JSR, which controls roughly a fifth of the global photoresist market, will build its first Taiwan production facility to co-develop advanced lithography materials with TSMC. The company is committing tens of millions of dollars; it aims to bring the plant online as early as 2028.

The company established a joint venture with a Taiwanese local partner in early April. JSR's two largest rivals—Tokyo Ohka Kogyo (TOK) and Shin-Etsu Chemical—both already operate Taiwan production facilities where engineers work alongside TSMC teams on resist development. JSR currently ships samples from Japan, the U.S., and Belgium, adding weeks to each iteration cycle. On-site engineering compresses that feedback loop to production speed.

Japanese firms control ~80% of global photoresist market, with JSR holding ~20% of the total.
FIG. 02 Japanese firms control ~80% of global photoresist market, with JSR holding ~20% of the total. — Tom's Hardware / JSR investor disclosures

Photoresist is the light-sensitive material that transfers circuit patterns onto silicon wafers during lithography. At advanced nodes, resist formulations must be tuned to specific exposure tools and etch chemistries. JSR is positioning to supply metal oxide resist (MOR), a next-generation EUV material technology it acquired through Inpria in 2021, to TSMC for its 2nm-and-beyond process nodes.
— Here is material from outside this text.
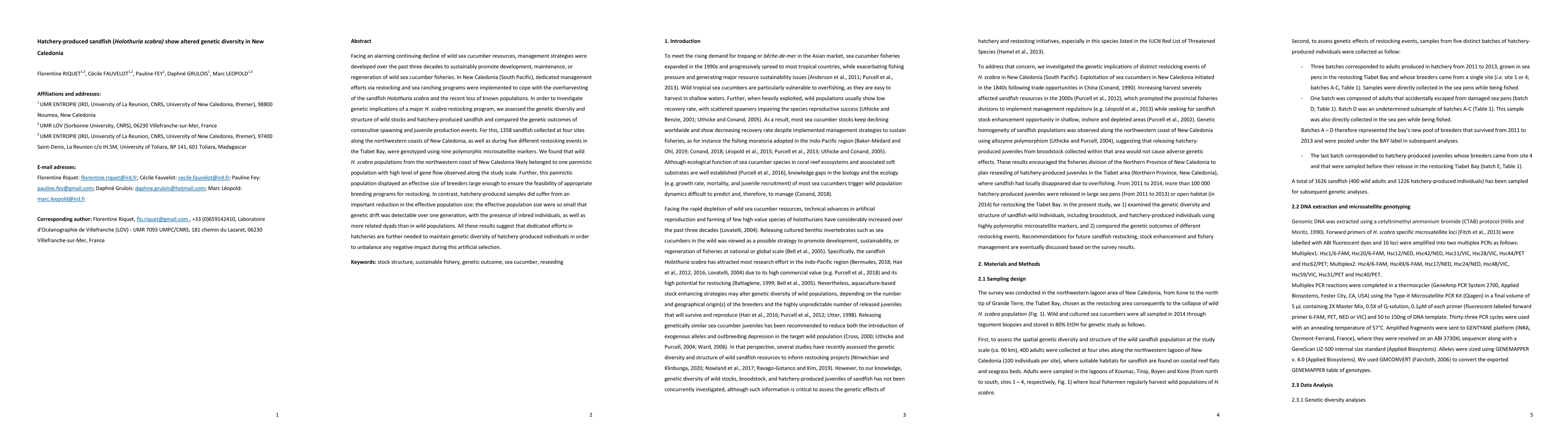 This study investigates the genetic diversity of wild and hatchery-produced sandfish (Holothuria scabra) in New Caledonia, revealing high genetic diversity in wild populations but significant reductions in hatchery-produced samples due to genetic drift and inbreeding. Efforts to maintain genetic diversity in hatcheries are recommended to support sustainable restocking programs.
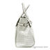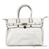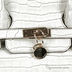 Строгая, классическая модель, натуральная кожа под "крокодила". Одно отделение на молнии. Внутри сумки отделение на молнии, разделяющее ее на две части. Основной декоративный элемент - ремешок в верхней части сумки. Также с задней стороны карман на молнии. Подкладка - коричневый нейлон, фурнитура - золото. Твердые, короткие ручки. Дно твердое. 26(40)-35-15см

JSR told Nikkei Asia it plans to market MOR to TSMC for high-NA EUV production lines.

JSR is commissioning what it says is the world's first production-scale MOR facility in South Korea. Mass production is expected to begin this year. That plant will supply Samsung Electronics and SK hynix with tin-based MOR for EUV lithography. MOR absorbs EUV photons more efficiently than conventional chemically amplified resists, enabling higher resolution with fewer pattern defects.

Photoresist availability is a structural constraint on leading-edge chip supply. TSMC's 2nm ramp—expected to underpin the next generation of AI accelerators—requires resist suppliers to operate within co-development proximity. JSR's Taiwan entry tightens the supplier field at nodes where Japanese firms collectively hold roughly 80% of global photoresist market share and dominate the EUV segment almost entirely.

Chinese competitors remain a risk, but a bounded one. "Chinese players are a threat, but it'll still be some time before they can catch up with us and take market share," said Toru Kimura, a senior officer at JSR heading the company's electronic materials business. Chinese firms have penetrated older KrF and i-line process nodes, but penetration at ArF and above—where leading-edge AI chips are manufactured—remains minimal.

Chinese photoresist makers have penetrated older nodes (KrF, i-line) but remain absent at advanced nodes (ArF, EUV) where JSR and Japanese rivals focus.
FIG. 03 Chinese photoresist makers have penetrated older nodes (KrF, i-line) but remain absent at advanced nodes (ArF, EUV) where JSR and Japanese rivals focus. — ai|expert analysis / industry reporting

JSR is considering whether to produce abrasives and other semiconductor substrate materials at the Taiwan site, signaling a materials R&D hub rather than a single-product line. Production is expected to coincide with TSMC's expected high-NA EUV ramp—the moment next-generation MOR moves from development to production requirement.

JSR's strategy is transparent: lock in co-development relationships at the nodes with the highest technical barriers before those barriers climb higher.